Section 1328 provides, with certain exceptions, that a debtor's remaining debts are discharged after he completes all payments under the plan. The parties agree that if the plan is confirmed, the debt Smith owes to the State would be discharged when he completes payments under his Chapter 13 plan. 11 U.S.C. Sec. 1328(a). While the plan applies all of Smith's projected disposable income to make payments, the State will have received less than 2 percent of its claim when Smith completes his plan.
Section 1325 provides that "the court shall confirm a plan if" the plan satisfies certain criteria. 1 At issue in this case is Sec. 1325(a)(3), which provides in pertinent part that "the plan has been proposed in good faith and not by any means forbidden by law."

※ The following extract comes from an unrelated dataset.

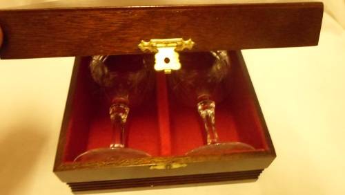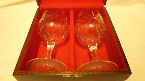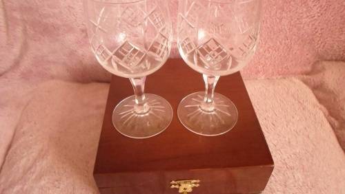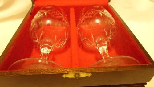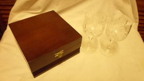 2 X CRYSTAL GLASSES IN A WOODEN BOX

II. NATURE OF THE PROCEEDINGS
Section 1324 requires the bankruptcy court to hold a hearing before confirming a Chapter 13 plan. Any party in interest may object to confirming the plan. Sec. 1324. The State did, filing an objection to confirmation and a motion to dismiss the petition or to convert the action to one under Chapter 7. No other creditor objected.
The State's objection to the confirmation and its motion were both based upon Smith's lack of good faith in filing the petition. The State claimed that Smith filed his petition solely to avoid paying the state court judgment. The State pointed to the short time--less than 100 days--between the entry of judgment and Smith's filing bankruptcy, the fact that the State is the largest unsecured creditor, and the fact that the State will receive less than 2 percent of its claim.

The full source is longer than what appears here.